How to show your parents you're ready for a phone
Responsible is a thing you do, not a thing you say. How to show your parents you're ready, how to earn or save for a phone, and how to ask for an upgrade.
If you want your parents to say yes, the trick isn’t a better argument. It’s showing them, before you ask, that you can already do the things a phone needs you to do.
Show it before you ask
Responsible is a thing you do, not a thing you say. Charge your own tablet or devices without being nagged. Get yourself up with an alarm. Hand your stuff in at bedtime before anyone asks. Go somewhere and check in by the time you agreed. A week or two of that does more than any speech.

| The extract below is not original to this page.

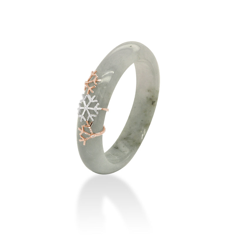 The soft air and revitalizing cold of Winter are beautifully depicted by the light translucent green jade embellished with intricate diamond-studded snowflakes. The Winter Frost Bangle is where exceptional gemstones meet fine jewellery craftsmanship.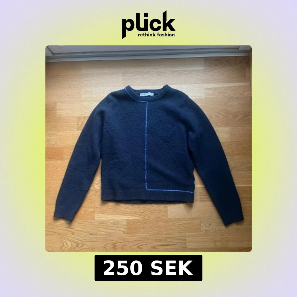 Mörkblå stickad tröja från Zara med lång ärm och rund hals. Tröjan har en unik blå linje som går vertikalt och horisontellt över framsidan och baksidan. Är i storlek L men känns mer som storlek S.

Suggest the rules yourself
Parents say yes faster when the rules come from you. Offer them first: the phone charges overnight outside your bedroom, and it’s away at meals. There’s a ready-made agreement you can sign together, the thing to print and both put your name to, at /switching-kit/phone-contract.
If you want to earn it or save up
Offer to do regular jobs at home and put birthday money aside. Aim at a phone you can actually afford. The real targets are the Nokia 105 4G at around £24, the Nokia 235 4G at around £40, and the Nokia 3210 at around £79. The full ladder is at /pricing.
How to ask for an upgrade
Point at what you’ve stuck to. Say what you actually need it for, not just that you want it. Ask for a small step up, not a leap. That’s the ask parents say yes to.
Common questions
How can I prove I’m responsible enough for a phone? Do the responsible things before you ask: charge your own devices, get yourself up, hand your phone in at night without being told, and check in when you say you will.
How do I earn a phone? Offer to do regular jobs at home and save birthday money towards a phone you can afford, like the Nokia 105 4G at around £24 or the Nokia 3210 at around £79.
How much do simple phones cost? From around £24 for a Nokia 105 4G up to around £79 for a Nokia 3210, with the full range at /pricing.